Ein besonderes Highlight war außerdem der Besuch von Gina Schöler, der sogenannten Glücksministerin, die seit 2012 die bundesweite Initiative „Ministerium für Glück und Wohlbefinden“ leitet. Sie spricht auf internationalen Konferenzen, empfängt Delegationen und war Mitwirkende der Regierungsstrategie „Gut leben in Deutschland“. In ihrem Workshop an der BBR ermutigte sie die Jugendlichen, ihr eigenes Glück aktiv zu gestalten und ihren Blick bewusst auf positive Aspekte zu richten. Denn: It´s up to you! Während der Veranstaltung entstanden viele persönliche und tiefgehende Gespräche.

Musikalisch wurde das Thema Hoffnung durch den Besuch des Berufsmusikers Fabian Michel aufgegriffen. Musik kann Kraft schenken, Mut machen und einen manche Dinge für bestimmte Augenblicke vergessen lassen. Gemeinsam mit einer 5. Klasse erarbeitete Fabi den Song „We Are the World“, der beim gemeinsamen Abschluss aufgeführt wurde und für einen emotionalen Höhepunkt sorgte.
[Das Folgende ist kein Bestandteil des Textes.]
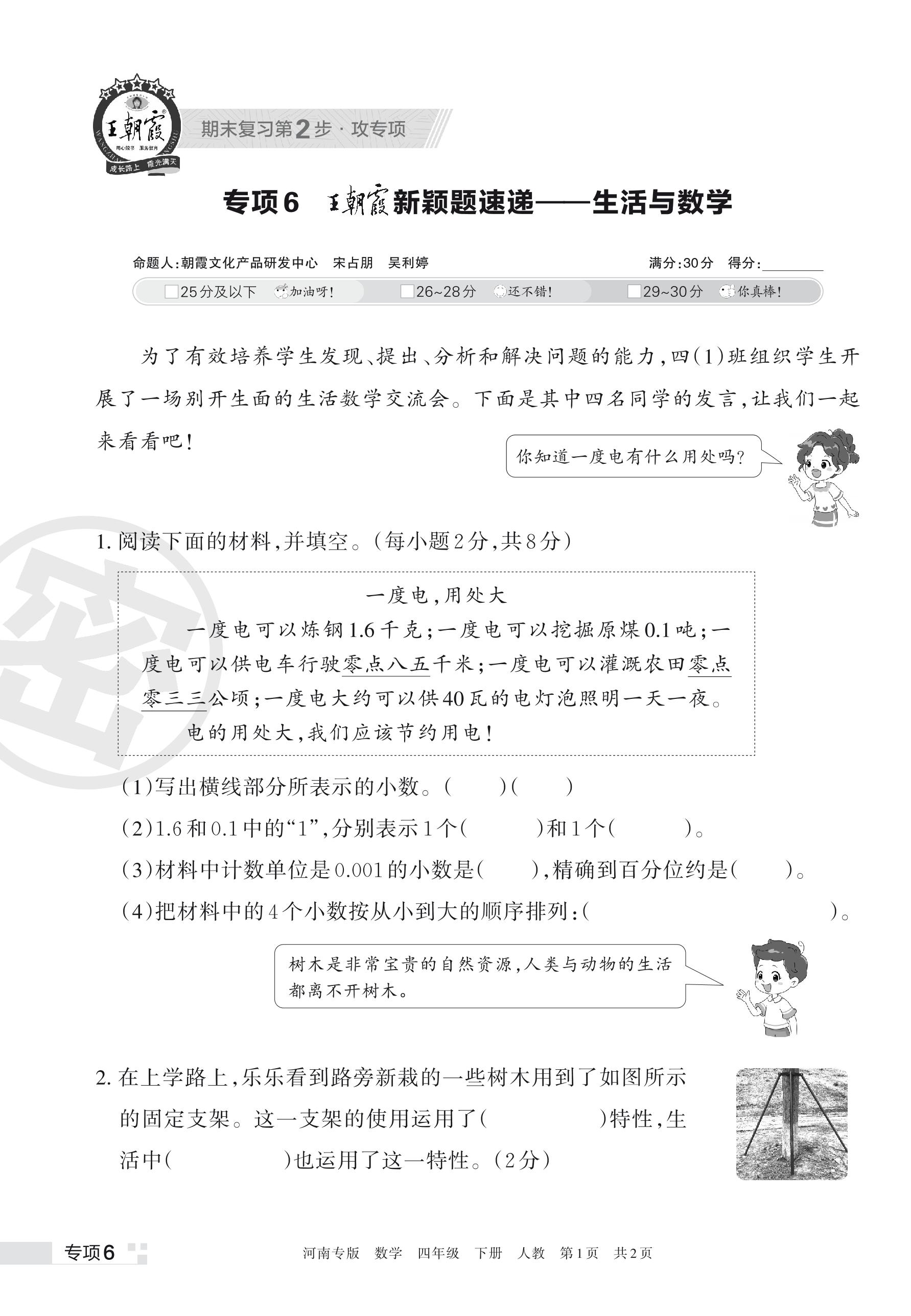 王朝霞期末专项卷——新颖题速递:生活与数学四年级下册数学(人教版)_R230428110048285【6】
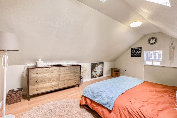 All'altra estremità della cucina ci sono le scale per il secondo piano, che conducono alla camera da letto principale. Lì troverai un letto matrimoniale (materasso in memory foam rigido di Lull), un comò e una poltrona da lettura. Non è l'ideale per gli ospiti alti, poiché il soffitto è inclinato. Anche il letto è molto basso. Di recente ho aggiunto una televisioneziata per Roku. In questa stanza fa piuttosto caldo, quindi ci sarà un condizionatore alla finestra durante i mesi caldi. C'è anche un lucernario che sarà coperto durante l'estate. Puoi aprirlo durante il soggiorno.

Auch Rainer Frisch und Jan Schulz von der Gesellschaft für Konfliktmanagement gestalteten einen eindrucksvollen Workshop mit den Achtklässler:innen. Im Mittelpunkt stand die Auseinandersetzung mit den eigenen Zielen, Stärken und Zukunftsperspektiven. Durch verschiedene Team-Aufgaben wurde deutlich, dass es für das Gelingen vor allem Vertrauen braucht. Besonders anschaulich wurde es durch eine praktische Übung: Mit viel Einsatz versuchten die Schüler:innen, ihre Ziele tatsächlich zu greifen, während ihre Hindernisse wie Faulheit oder Ungeduld ihnen im Weg standen. Dabei wurde deutlich, dass Zielerreichung Engagement und Durchhaltevermögen erfordert. Der Workshop traf genau den Nerv der Abschlussklasse und wurde von den Schüler:innen mit großer Wertschätzung aufgenommen.

Der „Day of Hope“ zeigte eindrucksvoll, wie Schule als Raum für persönliche Entwicklung und Gemeinschaft gestaltet werden kann. Die zahlreichen kreativen und interaktiven Angebote boten vielen Schüler:innen wertvolle Impulse für ihre Identitätsentwicklung.

Insgesamt war dieser Tag weit mehr als eine schulische Veranstaltung: Er stand für eine Haltung, in der Hoffnung, Frieden, Mut und Zusammenhalt im Mittelpunkt stehen. Ziel ist es, eine Schulgemeinschaft zu stärken, in der Mitgefühl und gegenseitige Unterstützung selbstverständlich sind – denn gemeinsam lassen sich auch große Herausforderungen bewältigen.

Ein besonderer Dank gilt allen Beteiligten, insbesondere den „Rebels of Hope“ von ART HELPS, die mit ihrem Rahmenprogramm, ihrem Engagement und ihren Workshops maßgeblich zum Gelingen dieses Tages beigetragen haben. Ebenso danken wir unseren Gästen sowie dem gesamten Lehrkräftekollegium der BBR, ohne deren Einsatz ein solcher Tag nicht möglich gewesen wäre.